Attention anyone buying or selling a home in the Twin Cities metro, or who may be someday: a new alternative is available starting today — and techies will especially appreciate it. Redfin is in town.
Based in Seattle and founded in 2004, Redfin was actually the first company to put homes for sale on a searchable map online. It represents people either buying and selling a home. Founded and run by technologists, it has a team of experienced, full-service real estate agents who are advocates, not salespeople. Get this: they earn customer-satisfaction bonuses, not commissions.
“We selected the Twin Cities as our first new market to open in 2014,” said Bridget Frey, Redfin VP-Seattle Engineering. “We chose it because of the strength of the economy there, the concentration of universities, and a population that knows technology.’
Redfin’s web site features not only all the broker-listed homes for sale, but for-sale-by-owner properties as well — the ones that don’t pay brokers a commission. The other cool thing is Redfin has a variety of online tools and mobile apps that make the entire process of buying or selling a home “easier and more fun.” The company serves 23 U.S. markets (see map) and has closed some $13 billion in home sales since its founding.
On its web site, the company says “Technology is why our agents get you into a hot property faster.” And “it’s how we promote your listing to the most buyers.” But what really got my attention is how it promises to “put money back into the pockets of both buying and selling customers.” Redfin refunds homebuyers a portion of the buyer’s agent commission. For a $500,000 home, a Redfin homebuyer in the Twin Cities would save more than $4,000. For listing clients, Redfin agents charge 1.5 percent rather than the typical 3.3 percent of a traditional agent, “while providing the full listing service, from pricing and staging advice and professional photography through the negotiation and closing processes.” For someone selling a $500,000 home, that equals a savings of $9,000.
Redfin has many online and mobile technology tools. For example:
• Home Value Tool – lets customers estimate the value of their home based on up-to-date home sale prices, details, and photos used by real estate agents.
• Search by School – shows all homes for sale within the boundaries of a particular school with one easy search.
• Instant Updates – immediately alert home-buyers about new listings and price drops. People using Redfin to search for listings in a given area will get an alert 15-30 minutes after a real estate agent lists a home for sale. Users of any other major real estate website have to wait till the next day. Either smartphone or email notifications are sent when new homes are listed or when the status or price of a “favorited” home changes.
For its debut in the Twin Cities market, the company said more than one million homes have been added today to its searchable database of active listings and sold homes in parts of Hennepin, Ramsey, Anoka, Washington, Dakota, Scott, Carver, and Wright, counties that make the largest portion of the Twin Cities metro area by population.

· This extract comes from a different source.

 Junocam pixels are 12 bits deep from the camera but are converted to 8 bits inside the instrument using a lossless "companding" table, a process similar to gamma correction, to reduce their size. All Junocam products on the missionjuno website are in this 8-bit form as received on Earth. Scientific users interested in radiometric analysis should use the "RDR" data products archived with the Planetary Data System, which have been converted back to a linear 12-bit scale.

For parts of these counties that Redfin doesn’t service directly, customers can work with Redfin’s partner agents. The company will expand its direct service to include the entire 13-county metro area as its business here grows. It is actively recruiting more agents. In addition, the company just told me, hours before their debut today, that “we have now successfully enabled state-wide search for Minnesota. That means that you can see and search for all the homes for sale anywhere throughout the state.”

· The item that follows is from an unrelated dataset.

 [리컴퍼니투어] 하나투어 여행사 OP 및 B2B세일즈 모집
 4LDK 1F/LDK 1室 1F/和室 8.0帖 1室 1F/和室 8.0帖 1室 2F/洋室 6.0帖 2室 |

I asked software VP Bridget Frey to describe further how her team works. “Our model is very different. We break down every step of the process. It’s all based on continual conversations between agents and developers. We make sure they work closely together.” She said Redfin’s product managers and software engineers both regularly travel throughout the country to “shadow” agents in their daily work. “It’s all about getting an optimal experience for the buyer or seller. The best solutions are often not what the developer first envisioned, and in many cases what neither the agent nor developer would have thought.”
The company employs hundred of engineers in Seattle and the Bay Area, as well as hundreds of agents throughout the U.S. The Redfin model is different from that of other brokerages in the way it “aligns agent and customer interests.” Unlike traditional real estate agents, Redfin agents are paid a salary and benefits, with customer satisfaction ratings – not transactions – determining the agents bonus. All reviews for all Redfin agents are published online. More about the Redfin model here. And about its data quality here — which it says is a major differentiator: “We make it our business to have the most accurate data out there, updated every 15 to 30 minutes so you’ll never miss out.” Other sites that provide online listings nationally include Zillow and Trulia, but they have very different models, said Redfin’s Frey.
“We are a ‘real world’ real estate brokerage,” she said, “which means we have a local presence where we operate — local people, who know the local market.” To that end, Redfin hired Chris Prescott as its Minnesota market manager. “When I heard Redfin was coming to Minnesota, I knew I had to be part of their mission to change real estate here in the Twin Cities,” he said. “After being in the business for 20-plus years, I am very excited about the opportunity to change the way real estate is done and make it better for buyers, sellers and agents.”
Redfin is recruiting more agents in the Twin Cities metro area. Its pitch: “We believe real estate should be built on exceptional client service and advocacy, and we need passionate agents like you to advance our vision. Motivated clients come directly to you through our website, so you can focus on providing impeccable service — not selling yourself. Come hungry: Redfin Agents close an average of three deals per month versus the industry average of six deals per year.”